Darren Paterson admitted four charges of misleading customers and one of fraud, over a period between January 2014 and August 2018, when he appeared at Durham Crown Court earlier this year.

The court heard his company, Jaxon Joinery, undertook extensions, garage conversions and bathroom installations at properties across the North-East.

But the 49-year-old defendant, of Jack Lawson Terrace, Wheatley Hill, County Durham, would ask customers for extra payment midway through projects, supposedly for further materials, and would leave jobs uncompleted, with the victims then having to fork out more money to finish the work, or to put right his shoddy workmanship.

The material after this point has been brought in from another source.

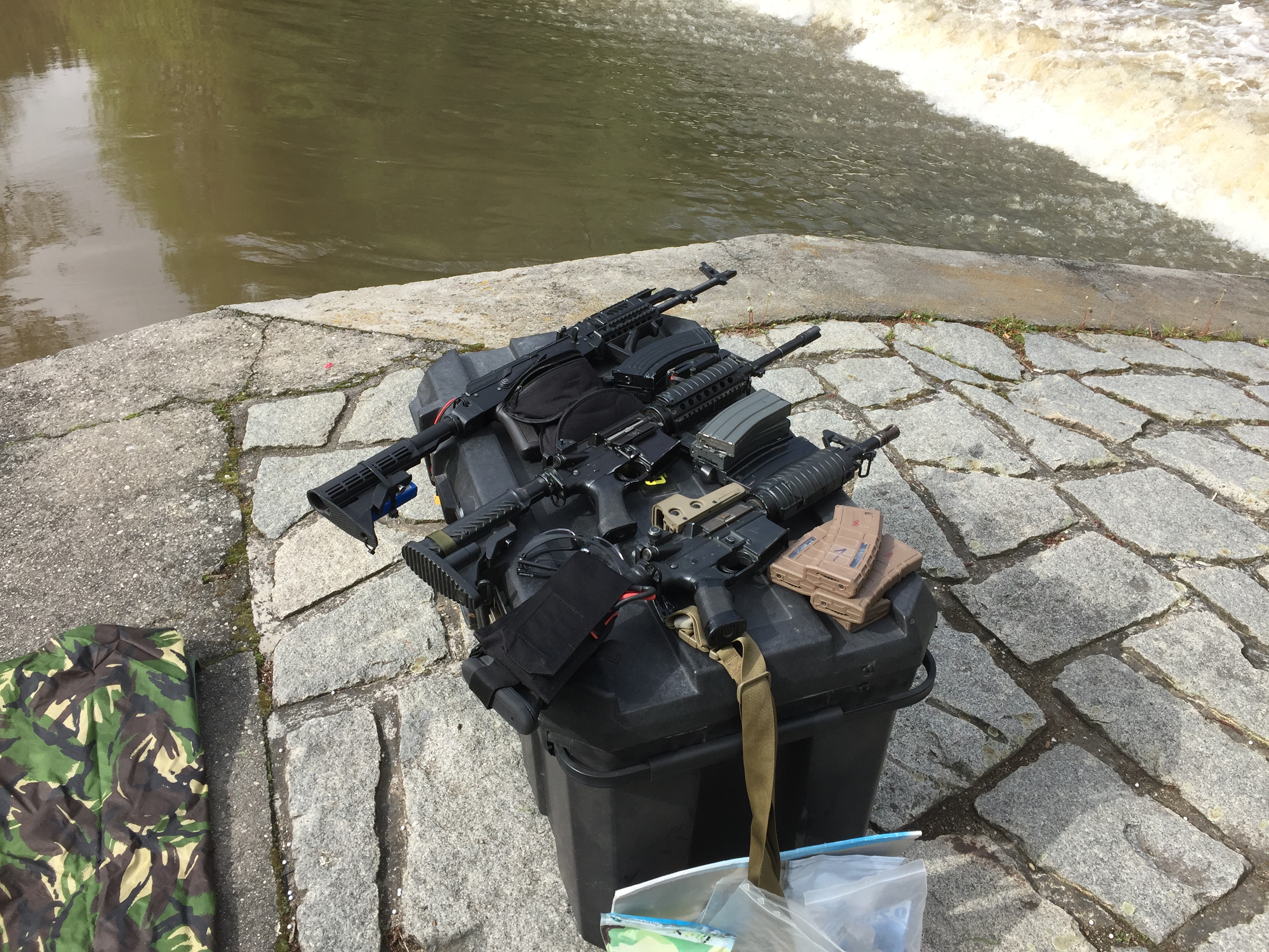 Airsoftové zbraně připravené pro soutěžící ve střelbě.(MM)

Addressing Paterson at the court, in May, Judge Ray Singh said a prison sentence was “upper most” in his mind, but he challenged Paterson to raise £26,172 to pay his clients for the losses they incurred, which he added, “may be a persuasive factor”, when it came to the outcome of the case.

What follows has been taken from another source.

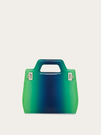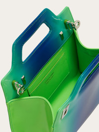 The new contemporary take on our Wanda bag featuring geometric lines and panels adorned with hand-crafted two-tone nuances. Compact like a little gem, it is complemented by the satin-finish Gancini buckle on the sides. Carry it as a handbag or shoulder bag with the detachable strap. - height 18.0 CM / 7 IN length 18.0 CM / 7 IN width 6.0 CM / 2.3 IN - Composition: calfskin - Product code: 213485 762579 - Made in ITALY

But, following a six-month deferment of sentence, the defendant returned to court having failed to raise any of the compensation figure.

Paterson, who told the judge in May that he thought it, “would be possible” to raise the money, said that during the past six months he had lost his job and had a number of family issues.

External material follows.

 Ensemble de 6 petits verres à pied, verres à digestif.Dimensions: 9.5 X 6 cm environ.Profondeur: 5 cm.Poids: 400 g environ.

He apologised for failing to come up with the cash and said he has been, “through hell and torture” in that time, having, "applied everywhere,” for loans.

But he said he now has found a job and asked the judge for more time to raise the compensation figure.

His counsel, Lewis Kerr, told the court he was offering to pay back £1,000 a month and said there was a low risk of his client reoffending.

But Judge Singh dismissed the defendant’s apology and his request for further time to meet the compensation payment.

He told Paterson: “You made an awful lot of excuses to your customers as well.

“You knew the ramifications of turning up to court today.”

Imposing a prison sentence of 58 weeks, he added there was, “no doubt in my mind” that the defendant was not going to pay the money back to the customers he defrauded and misled.

The case was brought by Durham County Council’s trading standards department.

Speaking after the hearing, Owen Cleugh, public protection manager for the council, said: “Mr Paterson’s misleading business practices left his victims thousands of pounds out of pocket and caused them considerable stress.

“We are pleased with the judge’s decision to impose a custodial sentence which demonstrates how seriously the courts take such offences.

“Our trading standards team will always seek to support legitimate traders and protect consumers and will take the necessary action against those who mislead or act fraudulently.”